Similar to the SecAgg protocol, in the present example, the participants are divided into two categories: a user and an aggregation server. The basic structure and aggregation flow are shown in FIG. 1, an aggregation server S, which serves as a center to aggregate the user setsIs input by n users.

Table 1 symbol description

User' sHolding a local private data set representing a client, obtaining a local model m by training in the local data set _i Other symbol descriptions are shown in table 1. The scheme aims at that the server cannot acquire a single user u _i Model m of (2) _i Is a global model of aggregation->Meanwhile, robustness on user quit at any time is guaranteed to meet the requirements of cross-equipment federal learning application.

The user encrypts the seed serving as the privacy parameter through the public key, so that the server can decrypt the seed sum by using the private key of the server without knowing the single seed, and can tolerate worst-case user collusion, namely n-2 user collusion exists under the condition that user exit is not considered.

Threat models consider a semi-honest federal learning environment, i.e., the aggregation server and user may be semi-honest, trained to follow rules, but curious about the honest user's local model, with the intention of inferring the client's local privacy data by observing the local model. The scheme aims at maintaining confidentiality of single model update of each user, and all participants only allow learning of the sum of privacy input of all users.

In addition to the semi-honest setting, consideration needs to be given to the situation of collusion between the aggregation server and the users, namely, collusion between the server and part of the users is possible, the server and other collusion users share internal states and all received/transmitted messages, and the success rate of stealing privacy data of other honest users is intended to be increased. For the case of collusion, the scheme aims at guaranteeing confidentiality of honest client models, namely that in the case of collusion of less than T users with a server, the users cannot learn local model information of any honest users. Irrespective ofBecause in this case the colluded users and the server can calculate model information of the honest users from the aggregated results by doing the difference. In addition, for setting the T value, under the cross-host federal learning environment, the problem of user disconnection is not considered, and the scheme can tolerate the maximum collusion quantity as followsUnder a cross-device federal learning environment, namely considering the situation that users possibly exit training at any time, the scheme can tolerate that the maximum collusion user quantity depends on a secret sharing threshold value, and the maximum is +.>Reducing tolerance in a cross-device federal learning environment is reasonable because The method has the advantages of numerous users, wide geographical distribution and greatly reduced collusion probability of large-scale users.

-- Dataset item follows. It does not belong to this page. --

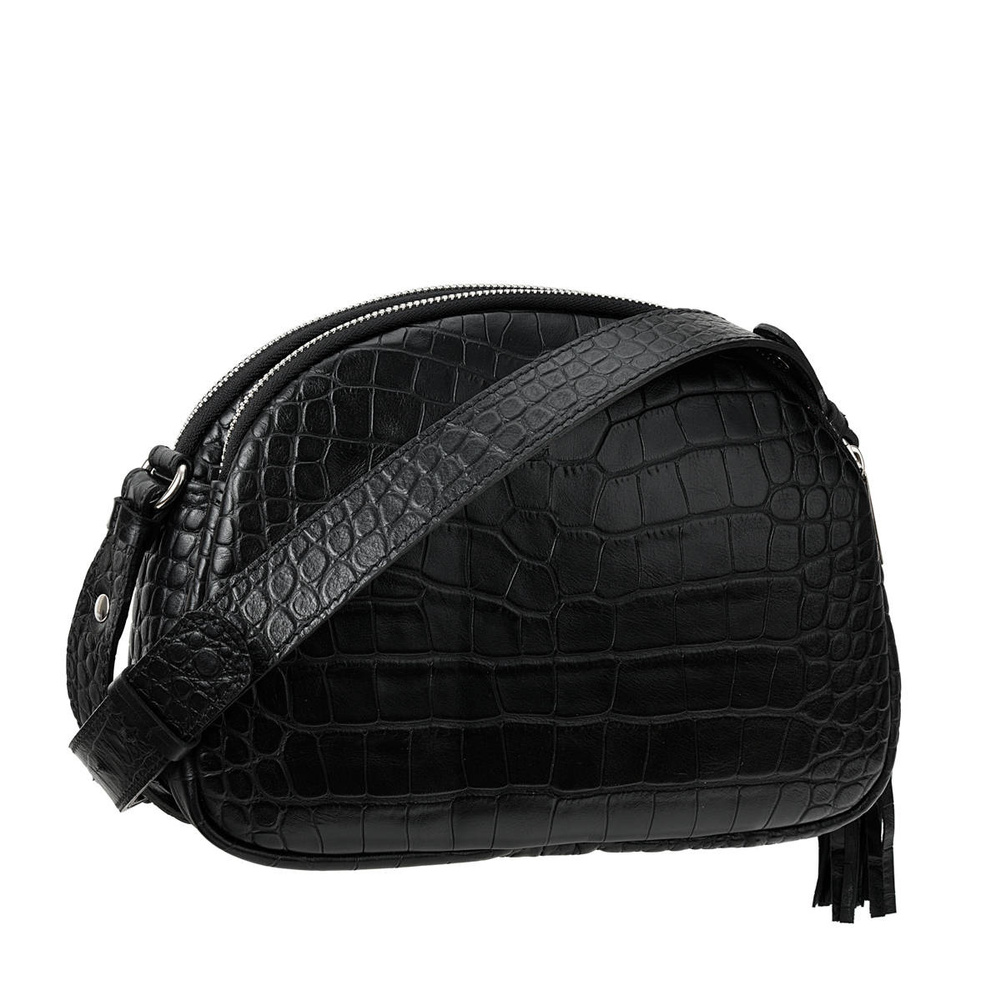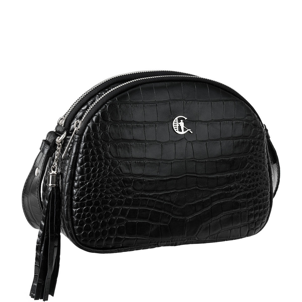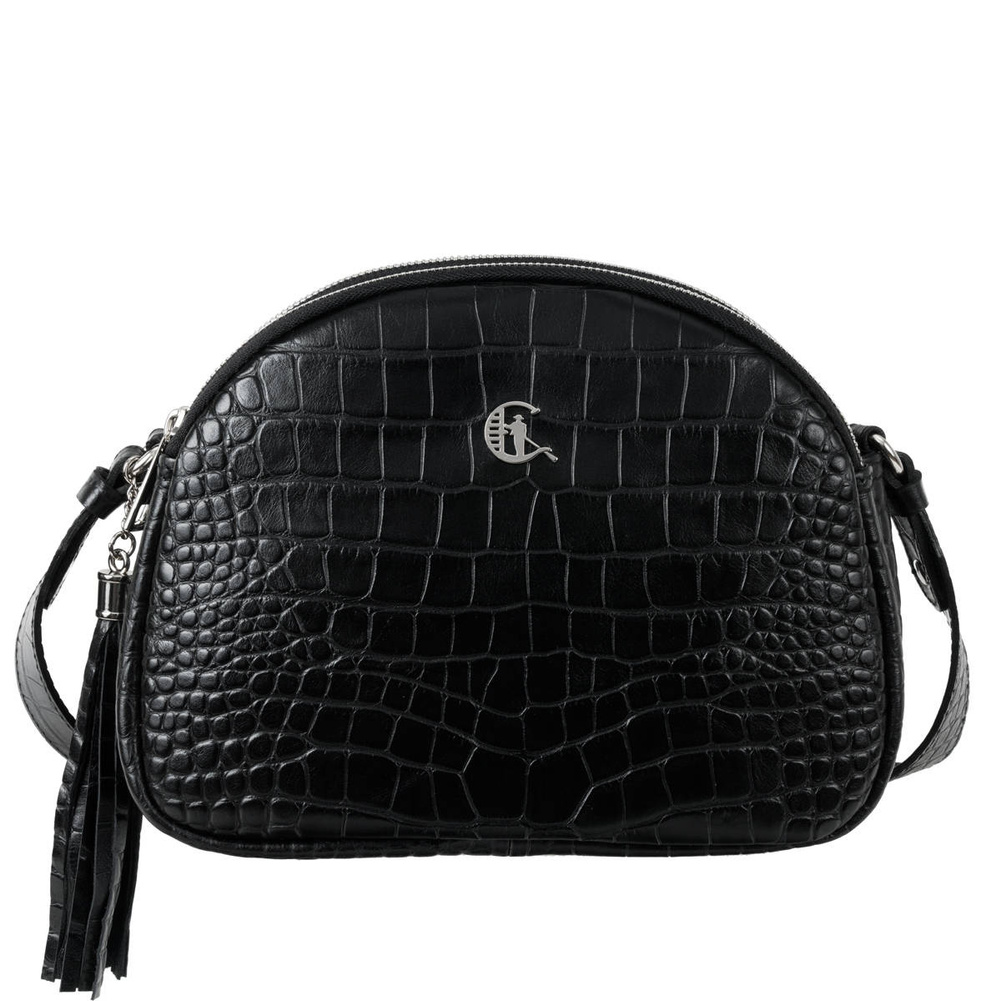 - Czarna torebka Canaletto wykonana z naturalnej skóry tłoczonej na wzór krokodyla. Trzy komory, regulowany pasek i eleganckie detale. Polski produkt najwyższej jakości!

In order to protect the safety of the local model of the user, various researches propose to use modes such as differential privacy, homomorphic encryption and the like, but excessive noise in the differential privacy can reduce the utility of the model, the noise is too little to ensure the safety of the model, the homomorphic encryption can well protect the model, but expensive calculation cost and communication cost are required when facing to a high-dimensional model. The most intuitive and simplest mode for protecting the model is to protect the model by using a one-time pad (OTP), the model is covered by using a generated random mask as a one-time key, the covered model parameters are distributed in disorder, confidentiality can be completely guaranteed under the condition of not revealing the key based on the security of the one-time key, thus privacy attack on the local model is effectively prevented, and only one addition operation is involved in protecting the model, compared with other protection modes, the efficiency is very high. The SecAgg uses a pairwise mask protection model to ensure that the masks between all users can cancel each other after aggregation, but this requires a large number of communications negotiations to negotiate the pairwise mask, and the aggregation time increases significantly as dropped users increase.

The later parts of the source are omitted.